My relationship with this Aunt was not close. In latter years I would never visit, at most send her and her husband (my mother’s brother) a Christmas Card. We did live hundreds of miles apart but this was not the reason for the distance between us. This description could apply to nearly all my aunts and uncles, whatever the geographical space separating us.

I do have fondness towards my aunts and uncles. But ‘fondness’ though a warm word is not as warm as ‘affection’ let alone ‘love’.

I have nieces and nephews myself whom I love and love spending time with. I did not get much nephew time with my own aunts and uncles. And wonder why.

Most of my aunts and uncles have children of their own and I do not. Perhaps then this is why I am able to spend more uncle-time as I have no father-time with sons and daughters to consume my love, time, energy, affection.

But I have an aunt and uncle who do not have children and did not spend too much time with them either.

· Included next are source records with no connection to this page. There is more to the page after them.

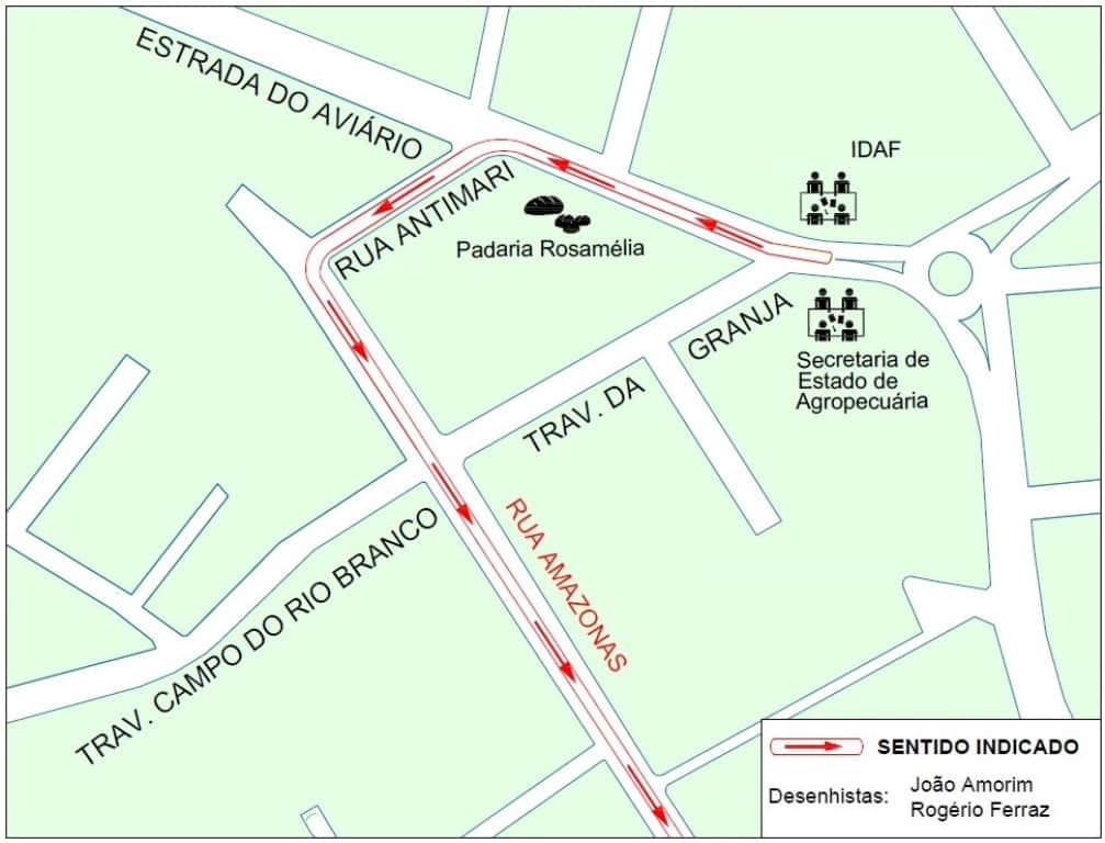 A Prefeitura de Rio Branco, por meio da Rbtrans, segue promovendo alterações necessárias no trânsito visando oferecer para a população maior fluidez e segurança nas ruas da cidade. Nesta quinta-feira, dia 17 de julho, a autarquia responsável pelo trânsito e o transporte na Capital contemplou as seguintes vias: travessas da Granja, Campo do Rio Branco e Rua Antimari, localizadas no Bairro Capoeira, que passaram de duplo sentido de circulação para sentido único de direção.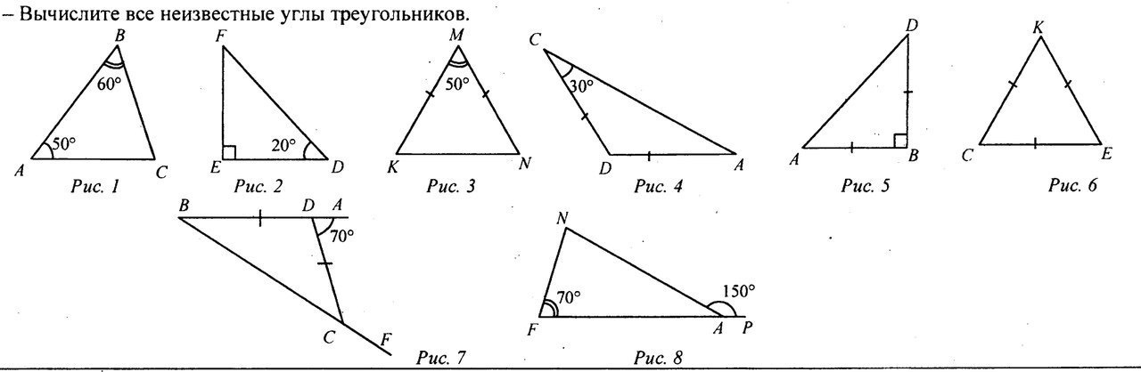 рис. 1 - угол АСВ=70°, рис.2 - угол EFD=70°, рис.3 - угол MKN и KNM= 130°, рис.4 - DAC=30° и угол CDA=120°, рис.5 - DAB и ADB=45°, рис. 6 - все углы равны 60°, рис.7 - ABC и BCA=35°, рис.8 - FNA=80° и FAN=30°.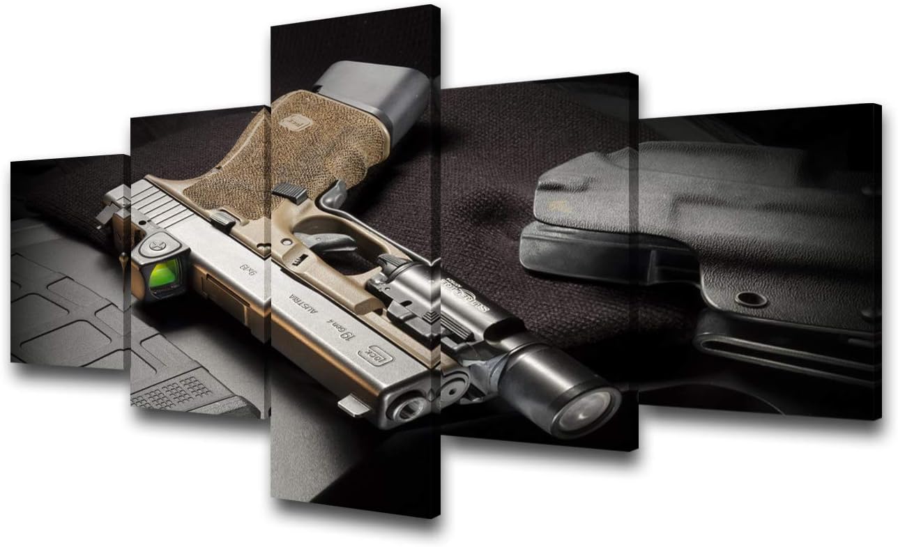 Amazon Com 5 Piece Canvas Wall Art Gun On Target Pictures For Living Room Premium Quality Paintings Weapon Artwork Modern Home Decorations Stretched And Framed Ready To Hang Posters And Prints 60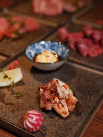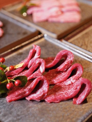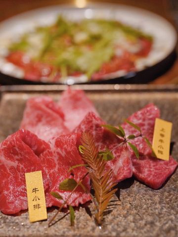 牛五花,土豆泥,雪花牛小排,昙石和牛外脊,厚切牛舌,烤年糕,蕃茄牛舌汤,和风豆腐,秘制香菇,薄切牛舌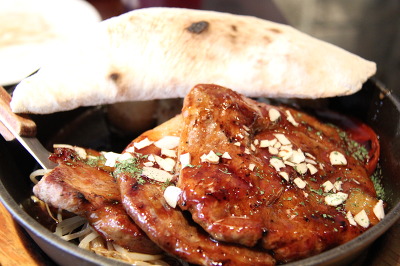 목살스테이크 저기 빵을 들추면 익힌 감자와 토마토 아스파라거스가 있고

The distance between us may be related to the geographical miles between us. Certainly with social media, and Facebook in particular, I am able to keep in a more constant contact with my nieces and nephews than if we did not have this access – I live in Scotland and have one set of nieces and nephews in London England and another on the Gold Coast in Australia.

Had their been social media in the decades I was born and schooled in (the 1960’s and 1970’s) perhaps this would have held those avuncular and – what is the equivalent for aunt?! – bonds together.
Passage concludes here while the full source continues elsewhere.